À Civita Vecchia, l’escorte repartit après s’être assurée que la nef génoise avait bien pris la mer ce qui évita à son chef de voir, une fois que le navire eut atteint le large, le capitaine s’agenouiller devant un homme de fer vêtu pour recevoir humblement sa bénédiction.

La Méditerranée fut assez clémente sans quitter trop souvent cette couleur d’un bleu si profond, si lumineux que Renaud ne se lassait pas de le contempler comme il s’y était plu si souvent pendant le voyage d’aller. Il s’asseyait à la proue sur un tas de cordages et laissait son corps suivre les mouvements de la nef sans en éprouver le moindre malaise. Guillain d’Aulnay lui tenait souvent compagnie.

— Nous devrions être en route pour Constantinople, soupira celui-ci un matin alors que l’on doublait l’île de Monte-Cristo. Et voilà que nous retournons sur nos pas. Cela ne vous déçoit pas trop ?

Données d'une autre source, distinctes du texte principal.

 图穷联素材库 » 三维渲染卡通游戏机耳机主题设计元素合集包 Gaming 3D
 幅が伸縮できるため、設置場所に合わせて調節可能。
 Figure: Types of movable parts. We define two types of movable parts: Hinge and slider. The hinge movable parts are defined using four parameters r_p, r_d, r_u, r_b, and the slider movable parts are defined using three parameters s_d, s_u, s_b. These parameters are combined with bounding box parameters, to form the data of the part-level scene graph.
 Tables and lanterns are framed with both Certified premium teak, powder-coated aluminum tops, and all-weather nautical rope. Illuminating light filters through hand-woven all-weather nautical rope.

— Décevoir ? Oh non. Moi c’est vers Saint-Jean-d’Acre que je voudrais voguer. Vous le savez bien et, tant que nous n’irons pas, toute destination me sera indifférente. Encore que je sois content de découvrir le monde, moi qui n’ai jamais eu d’autres horizons que les murs de Châteaurenard… Et puis comment ne pas être heureux et fier de participer, si peu que ce soit, à soustraire Sa Sainteté à la méchanceté de son cruel ennemi ? C’est presque aussi bien qu’une croisade !

Quelqu’un se mit à rire derrière lui et, se retournant, il vit Innocent debout dans la robe blanche dont il se vêtait à présent. Depuis le départ le Pape s’était tenu avec Baudouin dans la chambre de poupe et n’en sortait guère qu’à la nuit close pour regarder longuement les étoiles du ciel.

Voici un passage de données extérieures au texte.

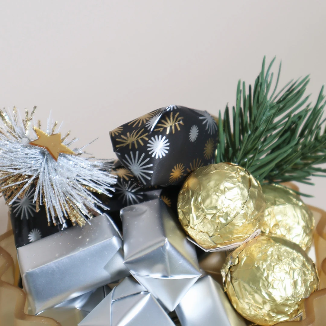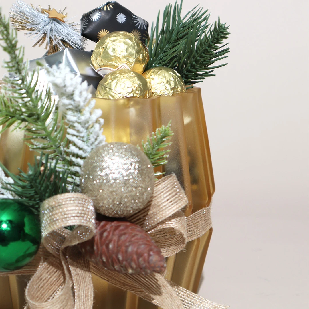 A gold, ribbed glass vase filled with 800 grams of 100% premium Belgian chocolate.

— D’autant plus que le meilleur chemin pour la Terre Sainte passe par le royaume de France et avec l’aide de Dieu nous y serons bientôt, dit-il.

C’était la première fois que le Pontife adressait la parole à Renaud et le jeune homme très impressionné ne savait que dire… en admettant que l’on attendît de lui une réponse quelconque. Devenu tout rouge, il ne put que s’agenouiller en se raclant la gorge. À nouveau Innocent eut un petit rire et prolongea le jeu :

— Vous n’en semblez pas absolument certain, jeune homme. Redouteriez-vous quelque mésaventure ?

— Le… l’Empereur ! réussit-il à émettre non sans peine. Comment… comment être sûr qu’il ne va pas tendre… quelque traquenard ?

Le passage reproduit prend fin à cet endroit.